In the meantime There are things you can try. It might be an idea to go back to basics and make walks fun and less stressful for awhile. If shes ok in the car and you can it might be an idea to drive to quieter areas like a park after busy times and where they are only a few dogs while she and you gets confidence back. Then gruadully build up to quiet side roads and then busier areas as she copes. If theres someone you know with a calm confident dog she likes and you can walk her with that will help. You can try her with treats with dogs at a distance, if you can turn her 180 degrees so shes facing the other way it would break eye contact and focus on the dog. Try high value treats, hot dogs, chicken and cheese and do the sit and watch me. My favourite is cheese like primula in the tube, most dogs love it and will carry on licking and trying to get it out the tube.

One thing are you finding that you get tense and worried about taking her out.? I know its easier said then done but if you are that will also be picked up by her and will add to her anxiety confirming in her mind there is something to worry about. So try to be calm if you can.

Hope this might help.


----------



## Rottiefan (Jun 20, 2010)

Very good posts above. One more thing you may like to try is a clicker. The beauty about this method is that the clicker is a sound that the dog only hears when she gets a treat. Using 'watch me' commands are good, but sometimes they can be ignored easier than a clicker. 

Basically, as soon you see another dog, click the clicker and give her a treat. Obviously you need to do this before she gets worked up. To start, you'll need to 'load' the clicker's sound. So, at home, practise some basic obediance and whenever she does something you ask, like 'sit' or retrieves a ball etc., click and treat. Use high-value treats to build the association that click means a treat. You are effectively marking good behaviour. 

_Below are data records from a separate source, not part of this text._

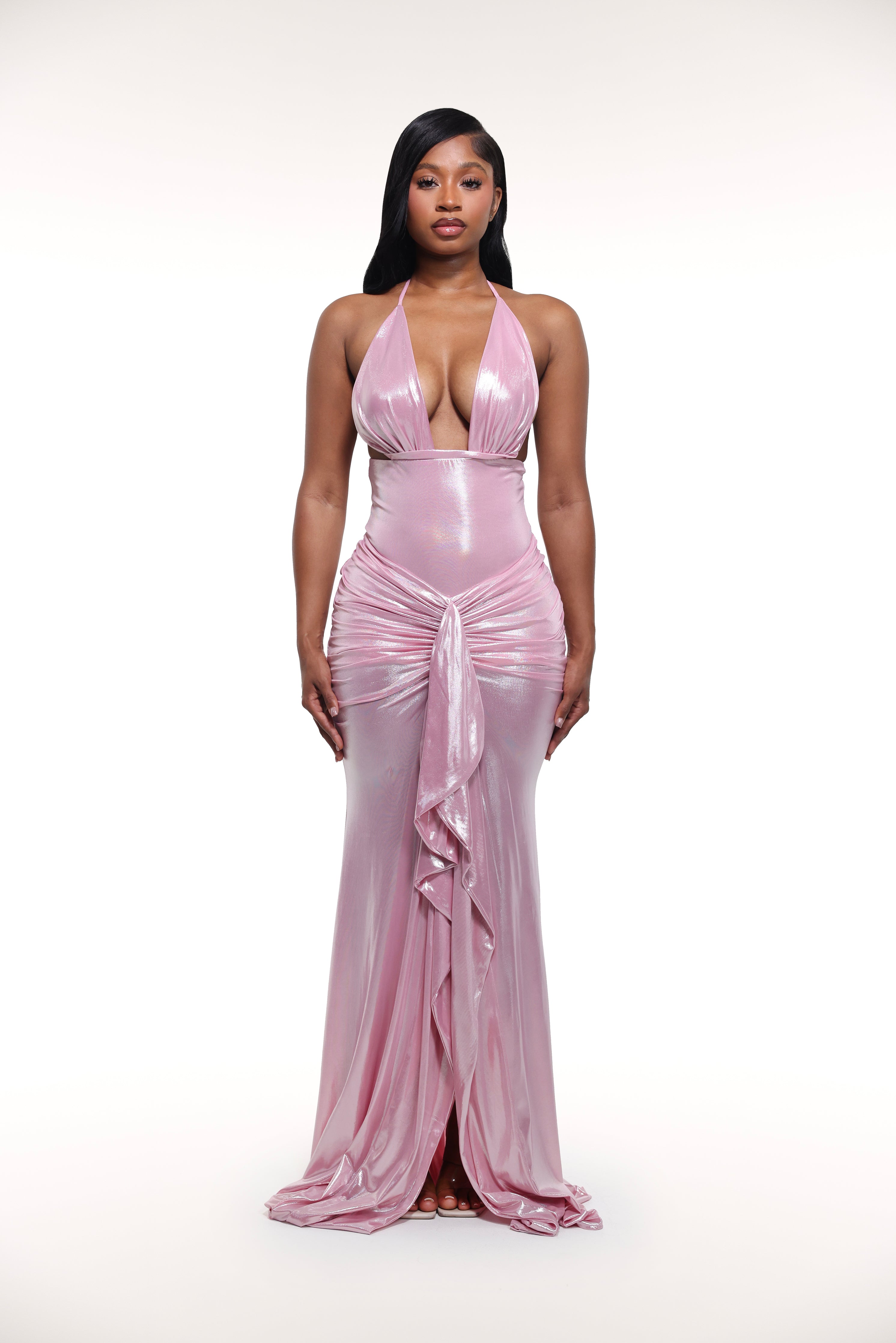 Give it up for 'Lora' our gorgeous metallic pink two piece for her elegance and beauty. This piece features a plunging halter neckline bodysuit and a scrunched matching skirt to pair.
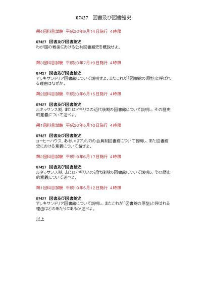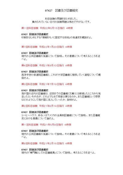 4限 図書及び図書館史 07427 科目試験集
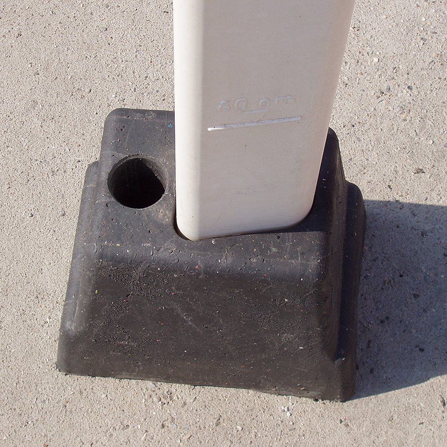 Plastový podstavec pod směrový sloupek slouží k upevnění směrových sloupků, patníků a jiného dopravního značení. Díky dvěma různým otvorům ho lze použít nejen pro upevnění plastových směrových sloupků podél silnic, ale díky druhému kulatému otvoru najde uplatnění při ustavování směrových tabulí nebo jiných signalizačních zařízení a informačních tabulí k různým akcím.
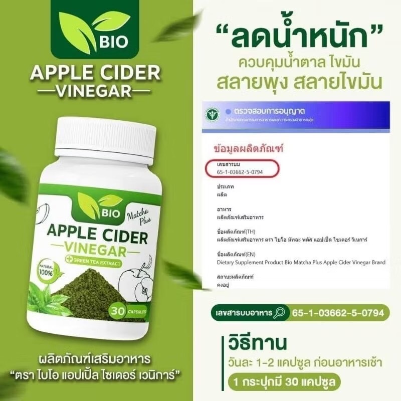วิตามินชาเขียวมัทฉะ BIO APPLE CIDER VINEGAR (1 กป. 30 แคปซูล) ของแท้100%
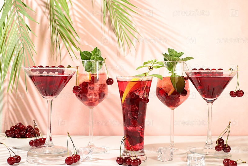 Вишневые алкогольные или безалкогольные коктейли с мятой. Мартини, мохито и королевская сангрия с ягодами, льдом, мяткой и свеклами. Концепция летней вечеринки, реклама в баре или кафе, детоксикация
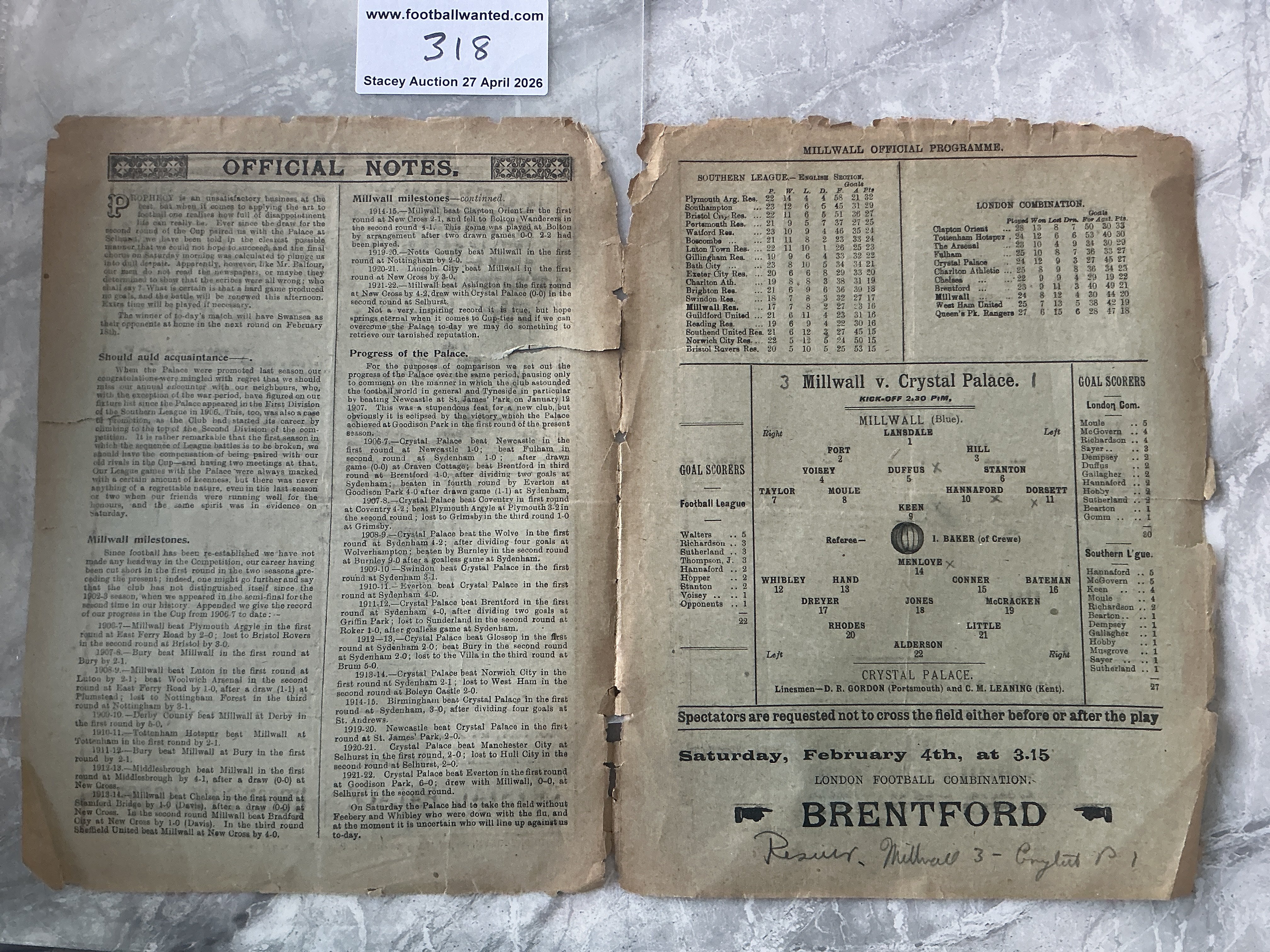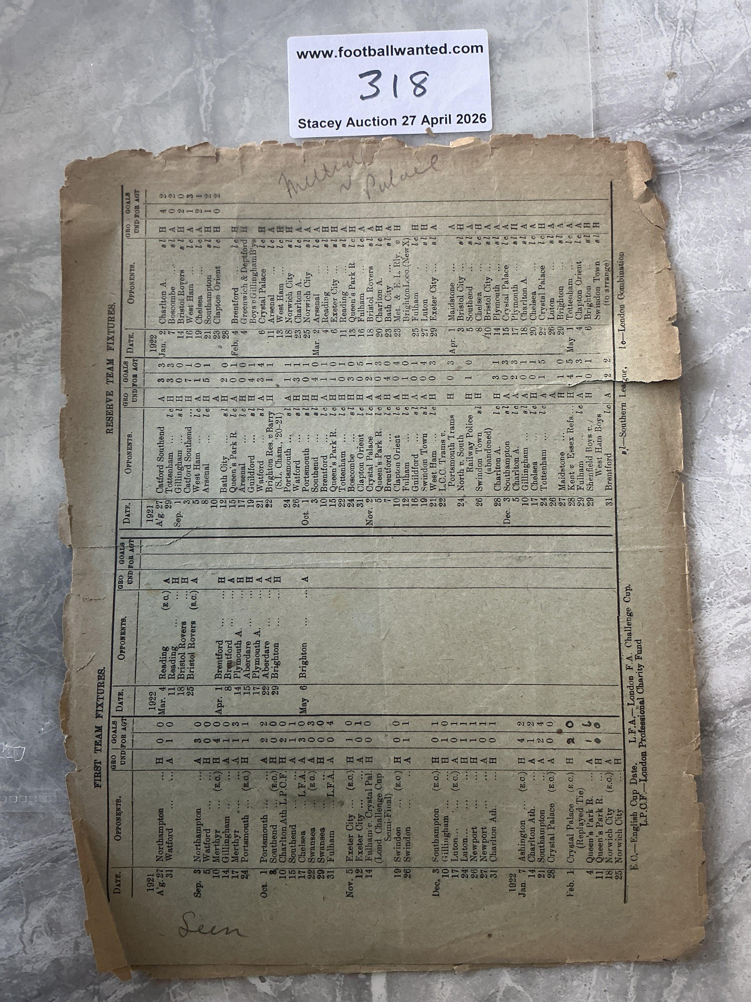 1921 - 1922 Millwall v Crystal Palace Football Programme: Poor condition 4 page FA Cup replay programme with score and scorers noted inside. Tatty edges with tears and a worn spine.
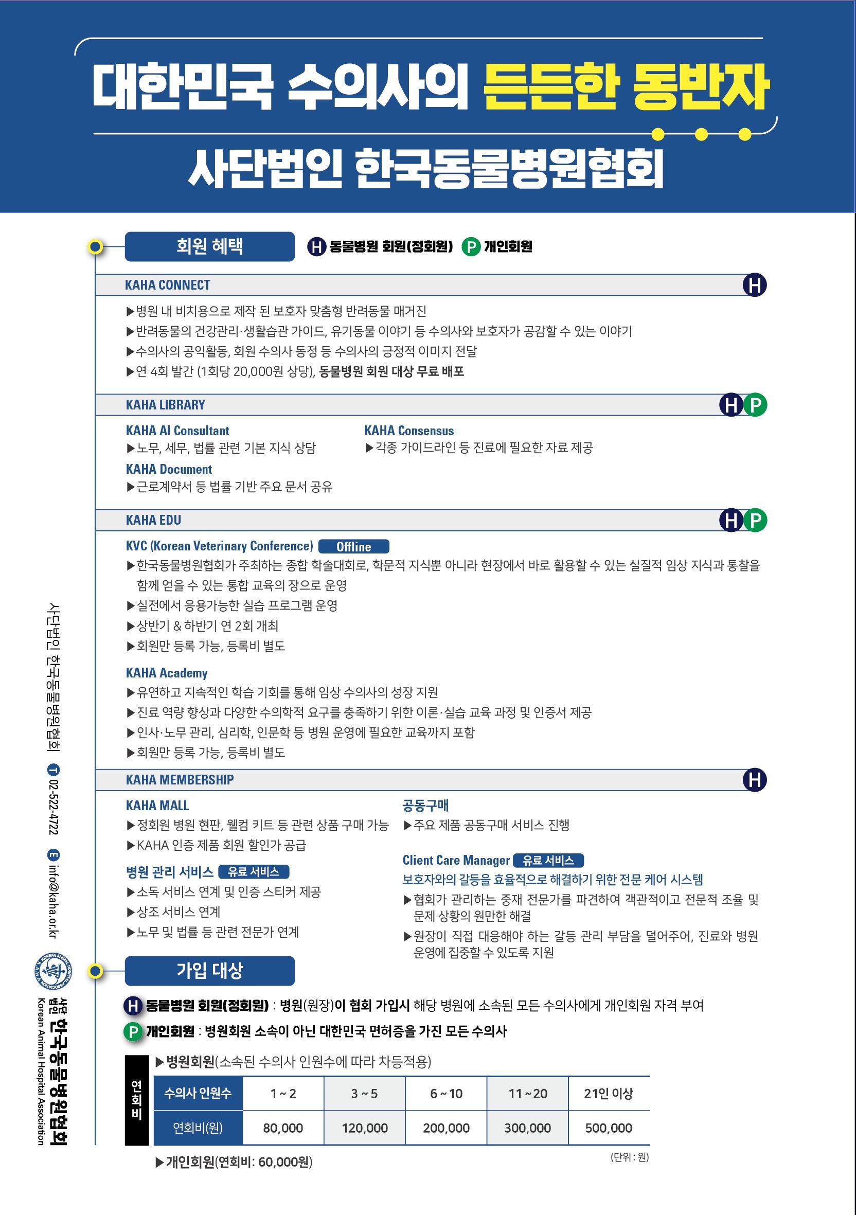 KAHA 병원회원은 동물병원 진료수의사 인원수에 따라 연회비가 달라진다.

From then, you can build positive associations with other dogs out on walks. It works in a number of stages: 1) When she sees another dog, click and treat 2) When she sees another dog, click and wait for her to look up at you, expecting a treat- then give her one 3) Then, she'll eventually look up at you automatically upon seeing another dog, which you click and treat for 4) Remove the clicker and just treat when she looks up 5) Phase out the treats, so she gets 1 treat for looking up at you twice, instead of once, then every three times, she gets a treat etc. Substitute treats for praise.

The above stages need to completed one at a time so that she can do each consistently before you move to the next stage. You can begin to bring in a 'watch me' too around stage 3 or 4, if you like. 

Hope this helps. It sounds complicated but it really isn't. It's my favourite method when beginning to work with dogs who are reactive or nervous in different environments.


----------